Relevance, Vague, Burdensome,
Overbroad, Oppressive
As to the
overbroad objection “any party may obtain discovery regarding any matters, not
privileged, that is relevant to the subject matter involved in the pending
action or to the determination of any motion made in that action, if the matter
either is itself admissible in evidence or appears reasonably calculated to
lead to the discovery of admissible evidence.” (CCP § 2017.010.)
“[A]n implicit waiver of a party's constitutional rights encompasses only
discovery directly relevant to the plaintiff's claim and essential to the fair
resolution of the lawsuit.” (Vinson v. Superior Court (1987) 43
Cal.3d 833, 842.) However, discovery should not be denied if the
information sought has any relevance to the subject matter. Thus,
while relevancy is a possible ground for an objection, it is difficult to
adequately justify it. (See generally Coy v. Superior Court of
Contra Costa County (1962) 58 Cal.2d 210, 217.) “These rules are applied liberally in favor
of discovery, and (contrary to popular
belief), fishing expeditions are permissible in some
cases.” (Gonzalez v. Superior Court (1995) 33 Cal.App.4th
1539, 1546 [internal citation omitted].)
As to burden, “burden must be
sustained by evidence showing the quantum of work required” and “to support an
objection of oppression there must be some showing either of an intent to
create an unreasonable burden or that the ultimate effect of the burden is
incommensurate with the result sought.”
(West Pico Furniture Co. of Los
Angeles v. Superior Court In and For Los Angeles County (1961) 56 Cal.2d
407, 417.) Moreover, even if [discovery
requests] are found to be “burdensome and oppressive,” the Court should not
simply sustain the objection and thereby excuse any answer. Rather, the Court
should limit the question to a reasonable scope. (Borse v. Superior Court
(Southern Pac.
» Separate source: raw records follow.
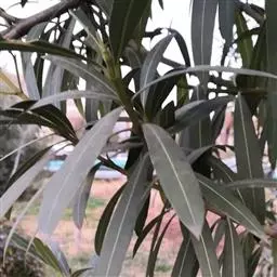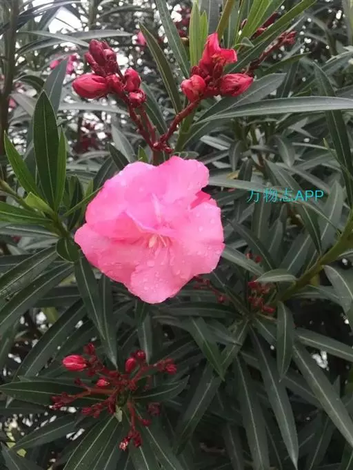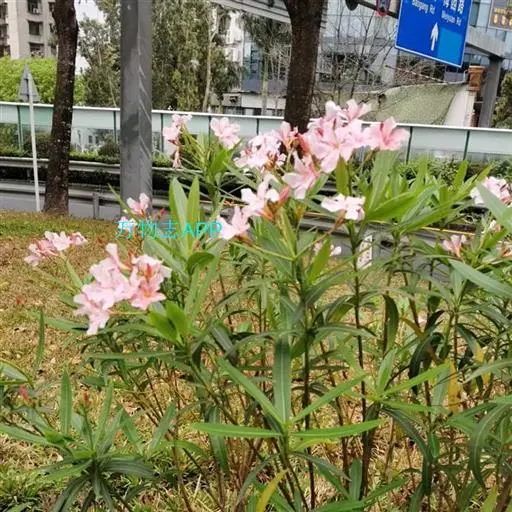 夹竹桃(学名:Nerium oleander L.)夹竹桃族夹竹桃属常绿直立大灌木,高可达5米,枝条灰绿色,嫩枝条具棱,被微毛,老时毛脱落。叶3-4枚轮生,叶面深绿,叶背浅绿色,中脉在叶面陷入,叶柄扁平,聚伞花序顶生,花冠深红色或粉红色,花冠为单瓣呈5裂时,其花冠为漏斗状,种子长圆形,花期几乎全年,夏秋为最盛;果期一般在冬春季,栽培很少结果。
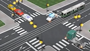 Kao što se može videti, s obzirom na to da semafori ne rade, prednost će imati vozilo sa rotacijom, a nakon njega će krenuti tramvaj, automobil i na kraju kamion.
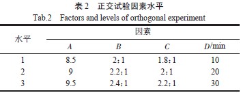 選取pH、n(Mg):n(N)、n(P):n(N)、反應時間,4個因素,分別記作A、B、C、D,設計4 因素3 水平正交試驗,表2 為因素水平表。
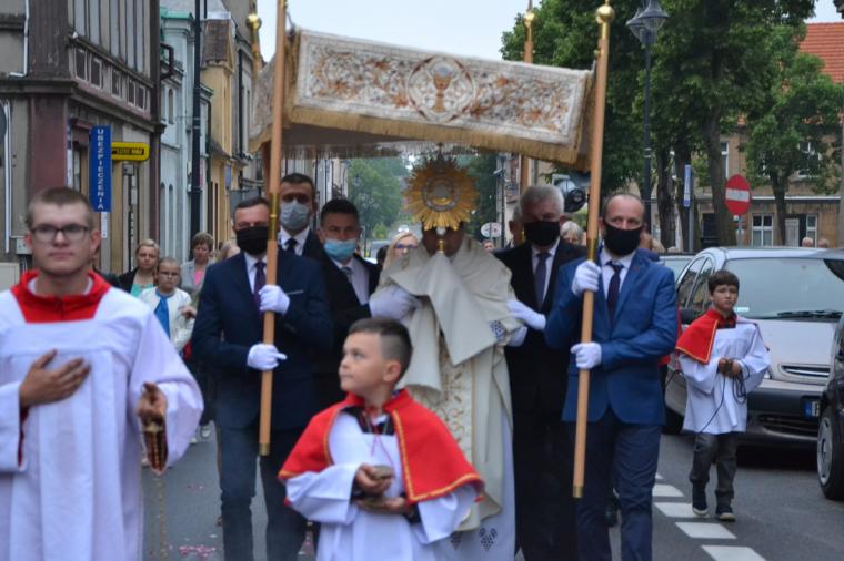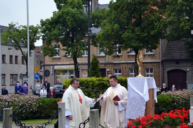 Na rynku została odmówiona litania do Najświętszego Serca Jezusowego.  Od kilku lat w uroczystość Najświętszego Serca Pana Jezusa na rynku wybrzmiewają - tak jak w dniu poświęcenia figury - słowa aktu zawierzenia. W szczególnym czasie doświadczania przez nas epidemii zostały wypowiedziane przez ks. proboszcza. Przypomniały nam one o zobowiązaniach przyjętych przez naszych przodków, ale  jakże  aktualnych dla nas  żyjących współcześnie. Przypomnijmy fragment tego aktu poświęcenia się miasta:  „Przychodzimy więc dzisiaj, by uznać całkowite panowanie Twoje nad miastem naszem. Chcemy odtąd Twojem życiem żyć, chcemy w sobie te cnoty pielęgnować, za które już tu na ziemi pokój obiecałeś(...). Panuj więc nad naszym rozumem przez prostotę wiary, panuj też przez swa miłość nad sercami naszemi, które niech całkowicie nią zapłoną. Chcemy je w Twej żarliwej miłości utrzymać przez częste przyjmowanie Komunii św. Racz, Boskie Serce, przewodzić naszym zebraniom, błogosław nasze duchowne i doczesne przedsięwzięcia, rozpraszaj nasze troski, uświęcaj nasze pociechy i łagódź nasze cierpienia”.

Co.) (1970) 7 Cal.App.3d 286, 289.)
The objections based on overbroad,
vague, ambiguous, irrelevance, and burden are without merit. The objections fail to indicate what burden
Defendant GM would have to undergo to properly respond to these requests. Further, the processes for how claims are
dealt with are relevant to the claim for civil penalties. (Complaint ¶ 26.) Under Song-Beverly, “[i]f the buyer
establishes that the failure to comply was willful,” the buyer may be entitled
to receive a civil penalty, up to two times the amount of actual damages. (Civ. Code § 1794(c).) A defendant that did not replace or refund a
vehicle under a “good faith and reasonable belief that the facts imposing the
statutory obligation were not present” is not willful. (Lukather v.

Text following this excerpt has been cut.